- _Exercise prompt_:
Could every line of the listing be output exactly, with the pictures skipped?

- _Data provided_:
________________________________________
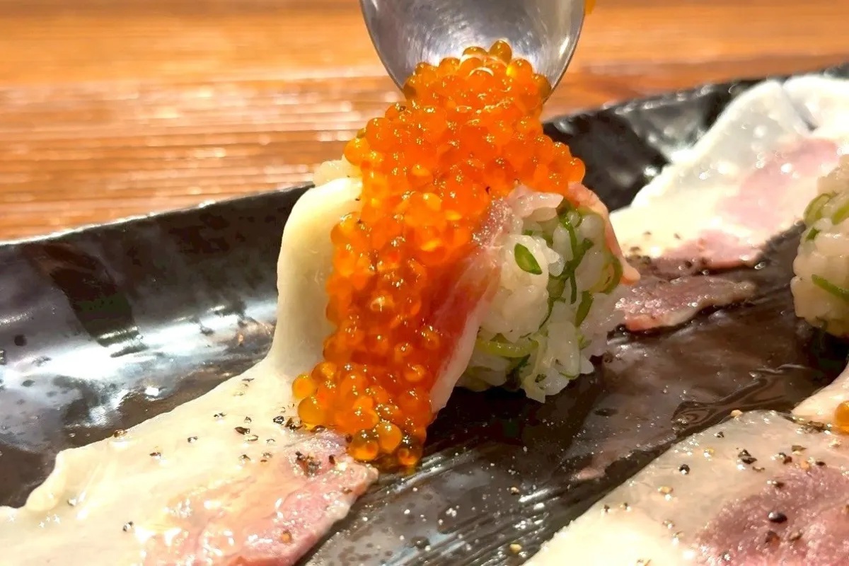 また、いくらのプチプチとした食感や濃厚な味わいが、馬肉の旨味と絶妙に絡み合います。馬肉と海の幸が一度に楽しめるこの一皿は、まさに最高の組み合わせです。
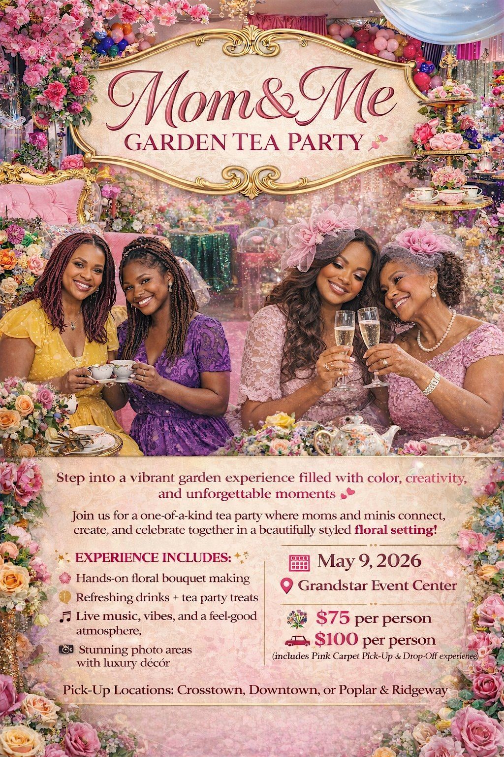 Grab your mom or daughter for a delightful in-person experience surrounded by nature! Sip on refreshing garden tea while getting creative with flowers. You'll craft your own beautiful floral bouquet, making memories and lovely keepsakes together. It’s a perfect way to bond, relax, and enjoy the beauty of blooms side by side.
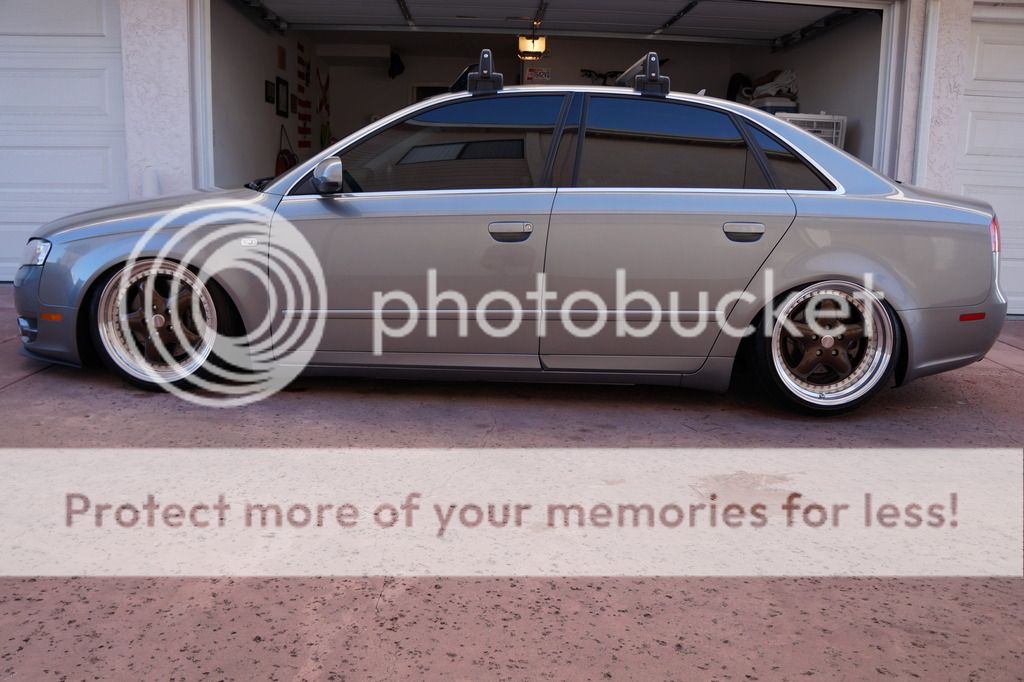 Airlift performance front struts and bags. Airlift performance rear bags and shocks. 5 gallon tank in the trunk with Viar 380c compressor and hard lines on custom trunk floor. V2 managment. I have the OEM trunk floor cover. Front strut bushings are custom made by a machine shop in NJ, I ordered these from a guy on Audizine to replace the Airlift ones that fail. These have been on for 5k miles with no issues and will outlast the new Airlift versions. Air installed at 72k.
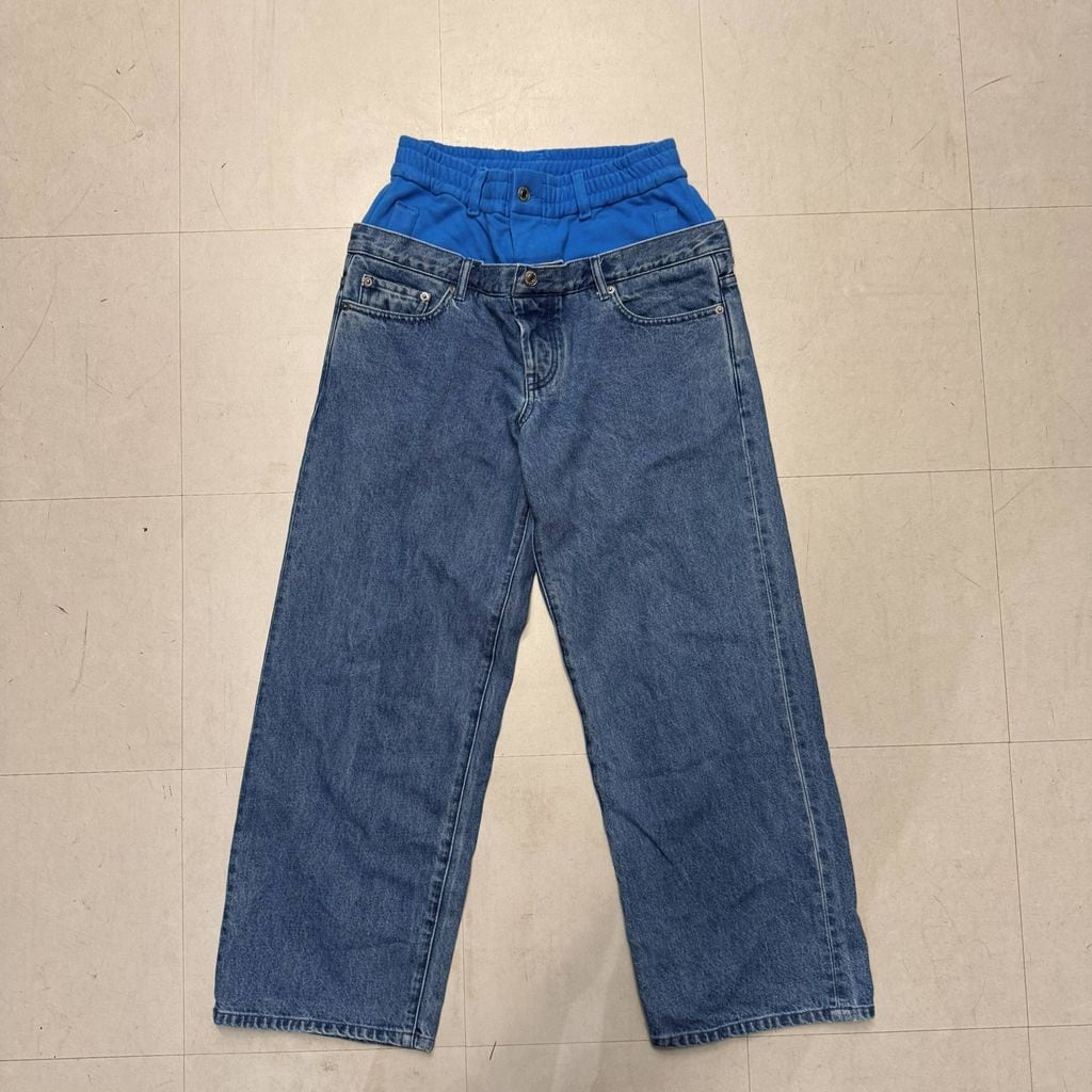 ウエストにスウェットパンツのディティールを入れ、デニムパンツとドッキングさせたデザインが特徴のアイテムです。
________________________________________
- _Answer_:
 また、いくらのプチプチとした食感や濃厚な味わいが、馬肉の旨味と絶妙に絡み合います。馬肉と海の幸が一度に楽しめるこの一皿は、まさに最高の組み合わせです。
 Grab your mom or daughter for a delightful in-person experience surrounded by nature! Sip on refreshing garden tea while getting creative with flowers. You'll craft your own beautiful floral bouquet, making memories and lovely keepsakes together. It’s a perfect way to bond, relax, and enjoy the beauty of blooms side by side.
 Airlift performance front struts and bags. Airlift performance rear bags and shocks. 5 gallon tank in the trunk with Viar 380c compressor and hard lines on custom trunk floor. V2 managment. I have the OEM trunk floor cover. Front strut bushings are custom made by a machine shop in NJ, I ordered these from a guy on Audizine to replace the Airlift ones that fail. These have been on for 5k miles with no issues and will outlast the new Airlift versions. Air installed at 72k.
 ウエストにスウェットパンツのディティールを入れ、デニムパンツとドッキングさせたデザインが特徴のアイテムです。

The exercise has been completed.